*Problem to solve*.
Your job is to print, exactly, the lines in the data below from the line with "The ASOS Cream" through the line with "NIIMBOT D110 New", both included, and to omit any picture.

*Extracted material*.

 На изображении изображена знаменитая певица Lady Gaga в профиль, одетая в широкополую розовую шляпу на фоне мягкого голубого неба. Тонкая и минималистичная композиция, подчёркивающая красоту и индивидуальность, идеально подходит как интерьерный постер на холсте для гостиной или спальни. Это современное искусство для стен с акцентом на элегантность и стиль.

--

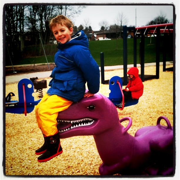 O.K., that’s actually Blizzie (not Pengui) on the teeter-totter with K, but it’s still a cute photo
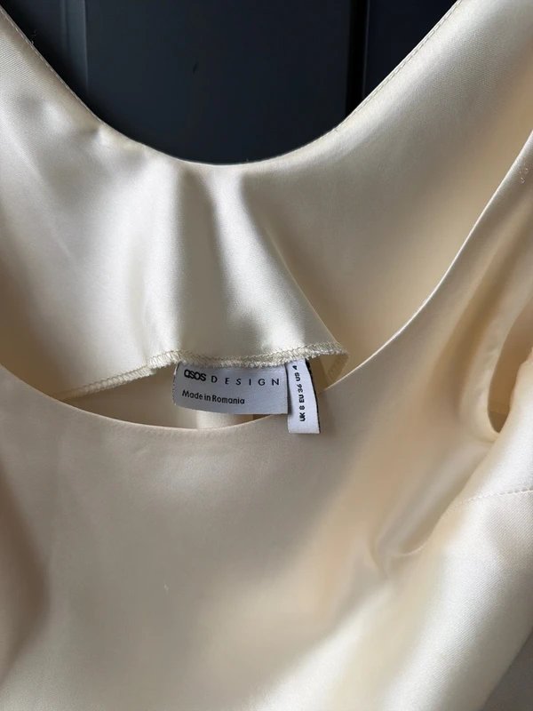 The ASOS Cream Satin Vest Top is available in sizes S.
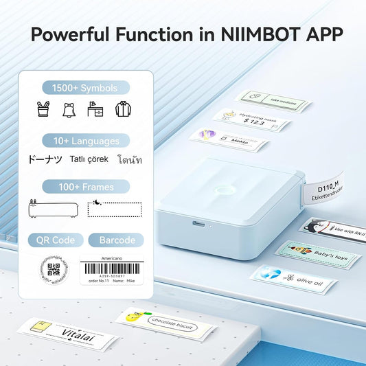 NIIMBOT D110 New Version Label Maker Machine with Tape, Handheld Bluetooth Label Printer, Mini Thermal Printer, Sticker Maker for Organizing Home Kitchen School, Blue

...

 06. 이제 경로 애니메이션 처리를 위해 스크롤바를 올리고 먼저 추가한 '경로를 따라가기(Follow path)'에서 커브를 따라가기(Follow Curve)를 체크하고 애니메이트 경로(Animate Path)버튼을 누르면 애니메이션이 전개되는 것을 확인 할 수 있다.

*Answer section*.
 The ASOS Cream Satin Vest Top is available in sizes S.
 NIIMBOT D110 New Version Label Maker Machine with Tape, Handheld Bluetooth Label Printer, Mini Thermal Printer, Sticker Maker for Organizing Home Kitchen School, Blue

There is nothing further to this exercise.